:: MATERIAL FOR THIS TASK

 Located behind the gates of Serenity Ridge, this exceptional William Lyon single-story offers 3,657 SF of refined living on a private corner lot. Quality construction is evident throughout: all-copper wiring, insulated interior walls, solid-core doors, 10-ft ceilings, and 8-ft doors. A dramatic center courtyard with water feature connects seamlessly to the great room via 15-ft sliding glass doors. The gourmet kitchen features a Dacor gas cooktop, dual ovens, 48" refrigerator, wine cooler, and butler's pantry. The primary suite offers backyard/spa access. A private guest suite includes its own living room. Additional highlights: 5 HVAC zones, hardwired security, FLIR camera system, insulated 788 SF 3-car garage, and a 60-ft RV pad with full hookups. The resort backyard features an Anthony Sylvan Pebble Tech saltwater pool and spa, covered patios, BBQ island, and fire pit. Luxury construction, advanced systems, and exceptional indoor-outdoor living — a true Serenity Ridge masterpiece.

::::
:: MATERIAL FOR THIS TASK

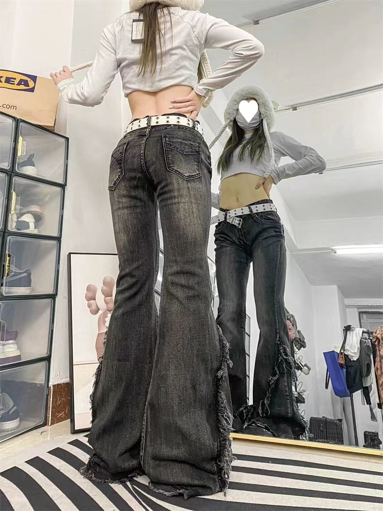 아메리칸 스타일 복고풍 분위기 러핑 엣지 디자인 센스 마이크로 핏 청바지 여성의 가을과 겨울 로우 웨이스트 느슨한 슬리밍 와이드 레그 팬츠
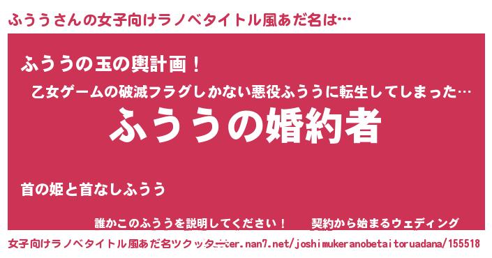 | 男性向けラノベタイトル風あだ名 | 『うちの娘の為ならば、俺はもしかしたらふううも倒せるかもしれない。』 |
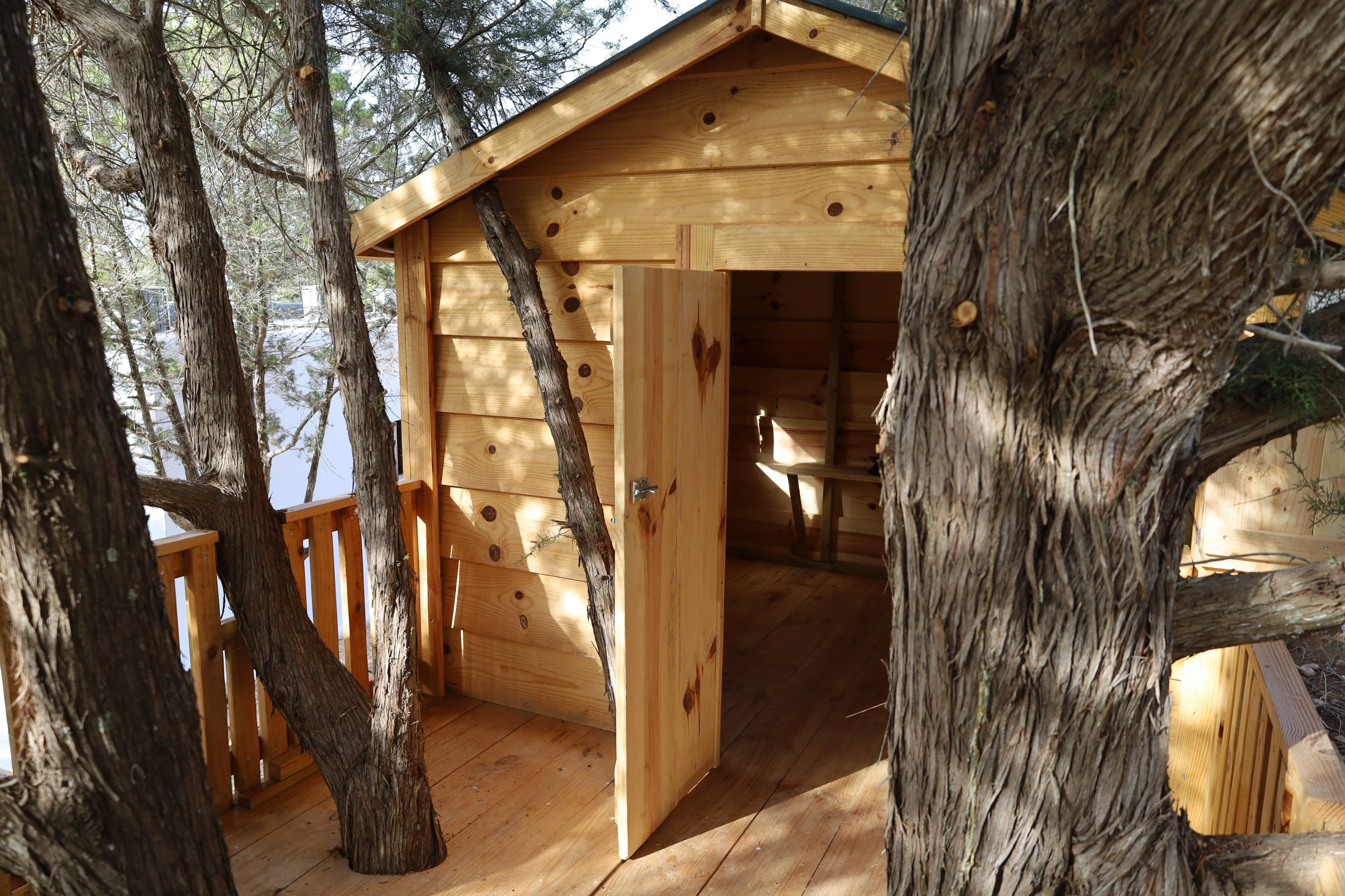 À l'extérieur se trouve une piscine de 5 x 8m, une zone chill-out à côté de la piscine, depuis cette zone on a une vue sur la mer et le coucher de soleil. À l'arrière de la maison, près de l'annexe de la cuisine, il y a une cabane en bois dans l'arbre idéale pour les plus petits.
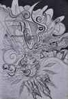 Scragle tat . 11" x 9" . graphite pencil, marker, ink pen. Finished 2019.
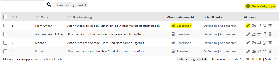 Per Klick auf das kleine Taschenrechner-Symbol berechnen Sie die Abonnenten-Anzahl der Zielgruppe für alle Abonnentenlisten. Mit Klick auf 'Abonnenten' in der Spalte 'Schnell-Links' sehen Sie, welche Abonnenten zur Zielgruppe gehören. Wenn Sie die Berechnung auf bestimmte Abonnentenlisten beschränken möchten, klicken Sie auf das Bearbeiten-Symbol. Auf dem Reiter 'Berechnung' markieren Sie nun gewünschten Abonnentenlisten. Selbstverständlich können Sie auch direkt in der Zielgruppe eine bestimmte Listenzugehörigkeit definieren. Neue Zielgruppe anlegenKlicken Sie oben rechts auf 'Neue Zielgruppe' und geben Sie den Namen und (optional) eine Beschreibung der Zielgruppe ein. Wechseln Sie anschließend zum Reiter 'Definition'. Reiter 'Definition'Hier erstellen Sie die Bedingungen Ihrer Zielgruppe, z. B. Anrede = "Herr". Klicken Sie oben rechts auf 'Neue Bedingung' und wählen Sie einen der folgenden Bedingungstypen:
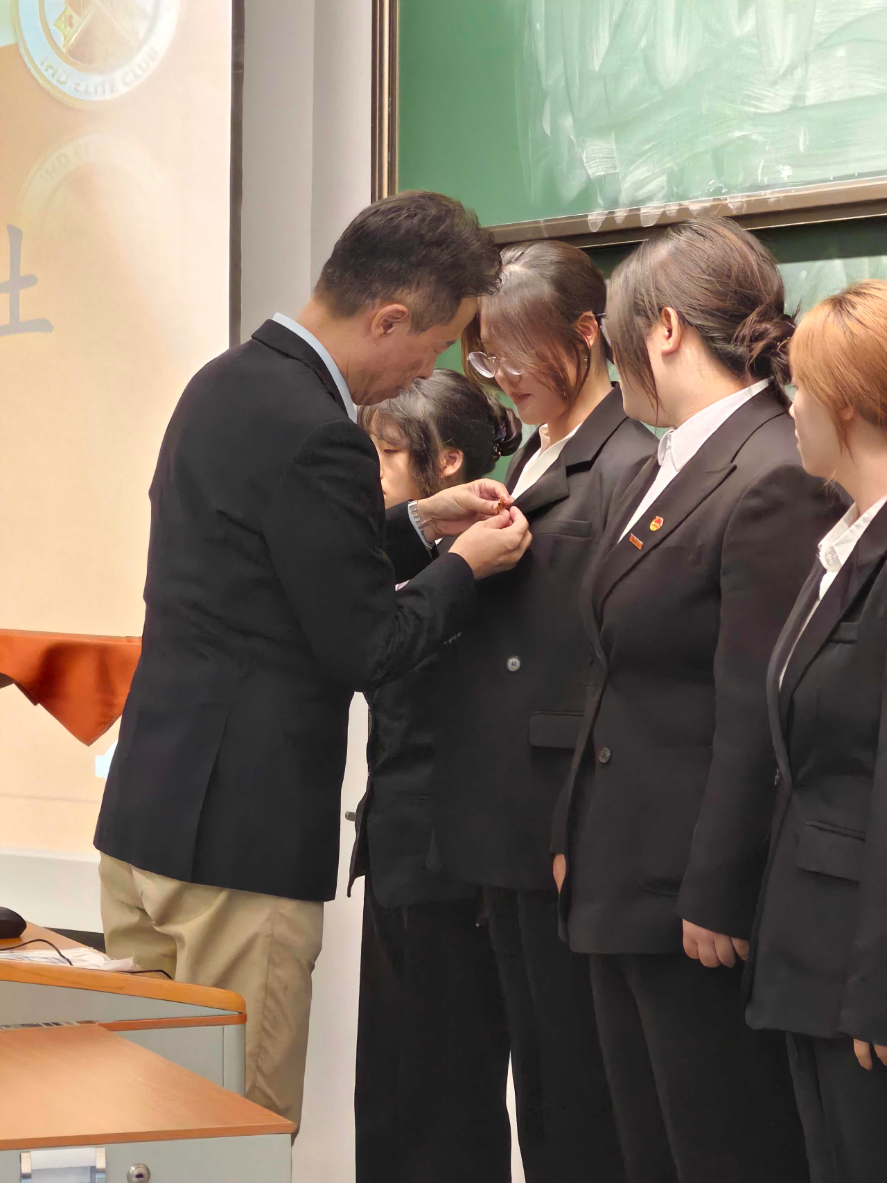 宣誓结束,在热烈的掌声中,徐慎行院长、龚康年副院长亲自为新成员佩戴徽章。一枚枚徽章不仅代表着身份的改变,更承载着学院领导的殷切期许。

::::
:: MATERIAL FOR THIS TASK

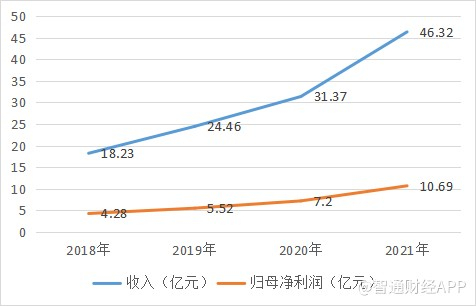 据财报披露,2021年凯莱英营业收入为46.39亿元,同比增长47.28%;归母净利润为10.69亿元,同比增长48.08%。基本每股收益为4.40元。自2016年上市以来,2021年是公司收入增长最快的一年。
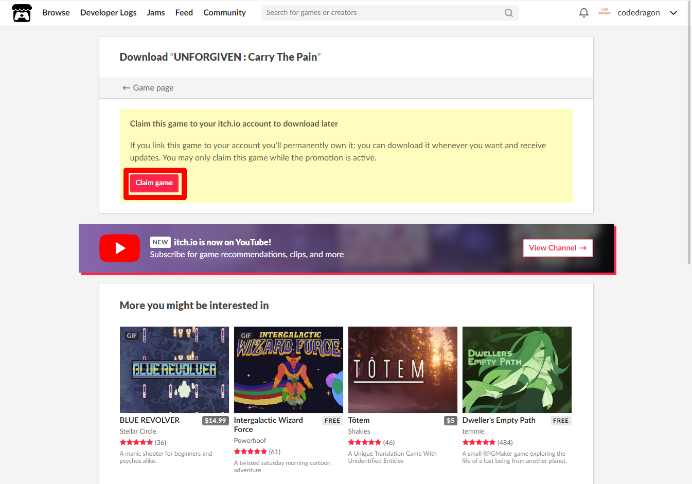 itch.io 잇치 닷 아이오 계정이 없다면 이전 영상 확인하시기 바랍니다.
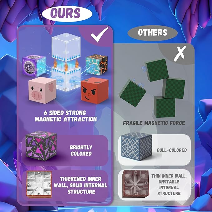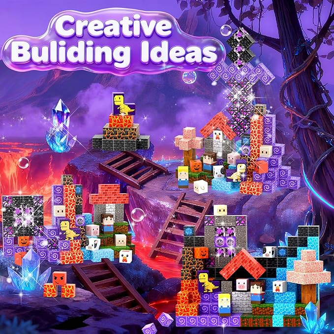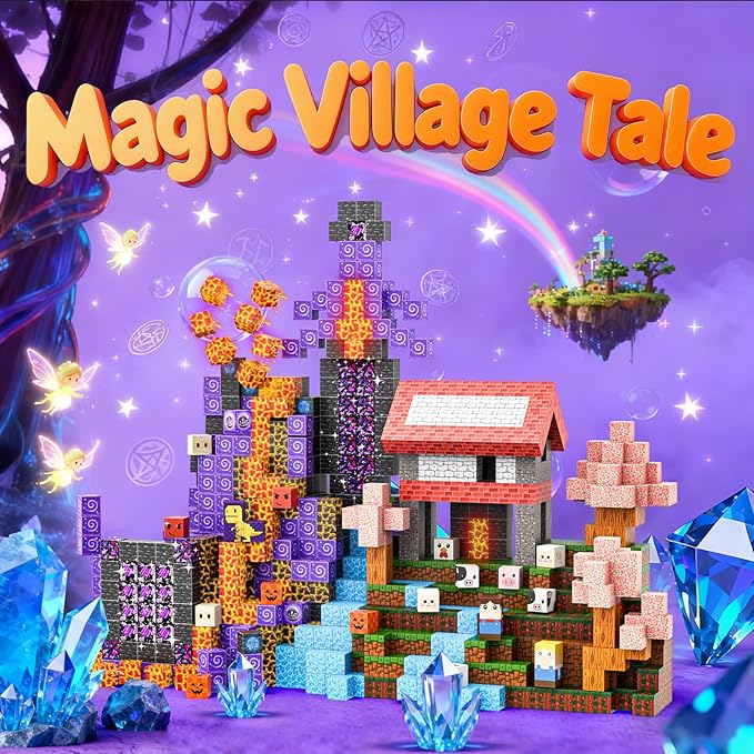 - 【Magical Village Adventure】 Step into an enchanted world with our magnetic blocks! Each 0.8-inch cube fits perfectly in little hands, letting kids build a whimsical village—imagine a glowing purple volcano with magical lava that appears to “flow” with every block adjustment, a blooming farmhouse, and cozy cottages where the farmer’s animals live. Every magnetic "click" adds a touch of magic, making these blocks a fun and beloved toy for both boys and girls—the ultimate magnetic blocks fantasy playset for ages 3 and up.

::::

DIRECTIONS FOR THIS TASK:
In the material above, which lines fall between the one holding "男性向けラノベタイトル風あだ名 | 『うちの娘の為ならば、俺はもしかしたらふううも倒せるかもしれない。』 |" and the one holding "宣誓结束,在热烈的掌声中,徐", inclusive? Print exactly those, with the pictures left out.

SOLUTION FOR THIS TASK:
 | 男性向けラノベタイトル風あだ名 | 『うちの娘の為ならば、俺はもしかしたらふううも倒せるかもしれない。』 |
 À l'extérieur se trouve une piscine de 5 x 8m, une zone chill-out à côté de la piscine, depuis cette zone on a une vue sur la mer et le coucher de soleil. À l'arrière de la maison, près de l'annexe de la cuisine, il y a une cabane en bois dans l'arbre idéale pour les plus petits.
 Scragle tat . 11" x 9" . graphite pencil, marker, ink pen. Finished 2019.
 Per Klick auf das kleine Taschenrechner-Symbol berechnen Sie die Abonnenten-Anzahl der Zielgruppe für alle Abonnentenlisten. Mit Klick auf 'Abonnenten' in der Spalte 'Schnell-Links' sehen Sie, welche Abonnenten zur Zielgruppe gehören. Wenn Sie die Berechnung auf bestimmte Abonnentenlisten beschränken möchten, klicken Sie auf das Bearbeiten-Symbol. Auf dem Reiter 'Berechnung' markieren Sie nun gewünschten Abonnentenlisten. Selbstverständlich können Sie auch direkt in der Zielgruppe eine bestimmte Listenzugehörigkeit definieren. Neue Zielgruppe anlegenKlicken Sie oben rechts auf 'Neue Zielgruppe' und geben Sie den Namen und (optional) eine Beschreibung der Zielgruppe ein. Wechseln Sie anschließend zum Reiter 'Definition'. Reiter 'Definition'Hier erstellen Sie die Bedingungen Ihrer Zielgruppe, z. B. Anrede = "Herr". Klicken Sie oben rechts auf 'Neue Bedingung' und wählen Sie einen der folgenden Bedingungstypen:
 宣誓结束,在热烈的掌声中,徐慎行院长、龚康年副院长亲自为新成员佩戴徽章。一枚枚徽章不仅代表着身份的改变,更承载着学院领导的殷切期许。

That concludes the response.